Эта последняя формула показывает, что правительство Шуйского отнюдь не стояло на позициях «принципиальной» недопустимости закабаления свободного населения, еще больше подчеркивая вместе с тем характер закона 7 марта 1607 г. как чрезвычайной меры, имевшей целью лишь устранить такие методы закабаления, которые в момент издания закона ставили под угрозу социальные устои крепостнического общества. Именно таким, чрезвычайным, характером закона 7 марта объясняется и его дальнейшая судьба: отмена этого закона приговором «всех бояр» 12 сентября 1609 г., когда были вновь восстановлены статьи о добровольных холопах закона 1597 г.[1287]
Чтобы закончить обзор политики Шуйского по вопросу о холопах, необходимо рассмотреть статьи о холопах в Соборном уложении 9 марта 1607 г.
Одной из статей этого закона норма о пятнадцатилетием сроке сыска беглых крестьян распространяется и на беглых холопов: «А которые после сего уложениа крестьяне, или холоп, или раба побежит от своего государя и придет к иному, государю искати своего холопа и рабу и крестьянина в пятнатцати летех [от побега], а за пятнатцать лет не искати и суда не давати»[1288].
Другая статья регулирует семейные отношения холопов: «А которые люди держат рабу до осмнатцати лет девку, а вдову молоду после мужа более дву лет, а парня холостаго за 20 лет, а не женят и воли им не дают, и той вдове, или девке, или парню идти к казначею, а казначею, опытав о том, и доведут, что им те лета минули, а государь их не женит, ино тем дати отпускные — в Москве казначею, а в иных городех наместником и судиам; а будет государь их бить челом о краже или сносе, и ему в том отказати и суда не давати: не держи не жанатых над закон божий и правила святых отец, да не умножится блуд и скверно деяние в людех»[1289].
Эта статья особенно интересна, поскольку здесь государственная власть опять вторгается в сферу отношений между холопом и его господином с целью недопущения со стороны холоповладельцев действий, могущих вызвать протест со стороны холопов.
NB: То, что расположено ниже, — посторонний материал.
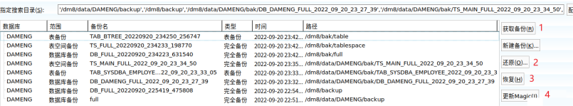 DM还原和恢复:备份的逆过程。还原是将备份集中的数据内容(数据文件、数据页、归档文件)重新写入目标数据文件的过程。恢复则是通过重做归档日志,将数据库恢复到备份结束时的状态,也可以恢复到指定的时间点和LSN。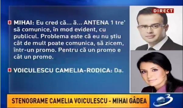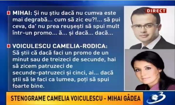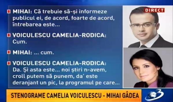 Iată, mai jos, convorbirea dintre Mihai Gâdea şi Camelia Voiculescu:

Не трудно видеть, что в данном случае правительство Шуйского, предписывая казначею и наместникам давать холопам отпускные, идет по совершенно тому же пути, что и в законе 7 марта, заставляя холоповладельцев нести последствия их незаконных действий[1290].
При этом, само собой разумеется, мотивы издания этой статьи надо искать не в заботах об общественной нравственности, как это изображается в самом тексте данной статьи, а в той общей обстановке, которая охарактеризована во введении к Уложению 9 марта 1607 г.
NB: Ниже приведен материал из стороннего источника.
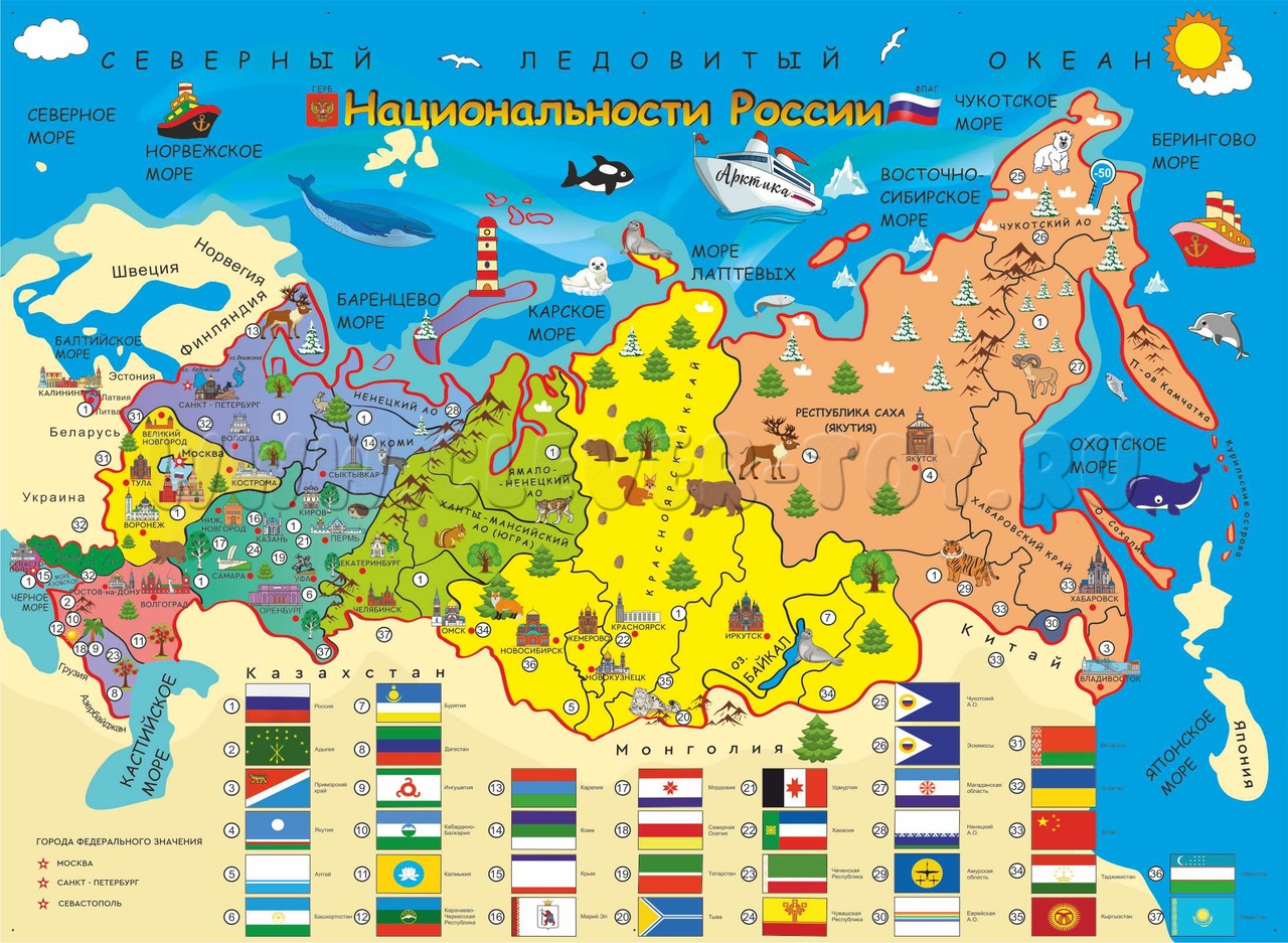 Россия - многонациональное государство, на ее территории проживает более 190 народов. На карте обозначены цифрами места компактного проживания наиболее многочисленных народностей.

В совершенно ином плане выступает в законодательстве Шуйского крестьянский вопрос, которому посвящен основной текст Уложения 9 марта 1607 г. В то время как политический смысл законов Шуйского о холопах (будь ли то закон, относящийся к холопам — участникам восстания, или законы о «добровольных холопах» и холопах старинных) заключался в том, чтобы или не допустить присоединения данной группы холопов к восстанию Болотникова, или оторвать от восстания холопские элементы, — законодательство Шуйского о крестьянах преследовало в первую очередь цель консолидации господствующего класса путем устранения борьбы из-за крестьян между отдельными группами землевладельцев. Поэтому, в то время как холоп рассматривается в законодательстве Шуйского прежде всего в плане отношения холопов к восстанию Болотникова, крестьянин выступает в Уложении 9 марта 1607 г. как объект борьбы между землевладельцами — борьбы, особенно недопустимой в обстановке восстания Болотникова.
Основной предмет рассмотрения Уложения 9 марта 1607 г. составляет незаконный переход крестьян от одного землевладельца к другому. В «докладе Поместной избы», на основании которого и было издано Уложение 9 марта, подчеркивалось, что «переходом крестьян причинилися великия кромолы, ябеды и насилия немощным от сильных». Такая характеристика вопроса о крестьянских «переходах» совершенно верно отражала положение дел. В обстановке острого социально-политического кризиса, который переживало Русское государство, несомненно, создалась исключительно благоприятная обстановка для незаконных «переходов» крестьян, т. е. для их бегства.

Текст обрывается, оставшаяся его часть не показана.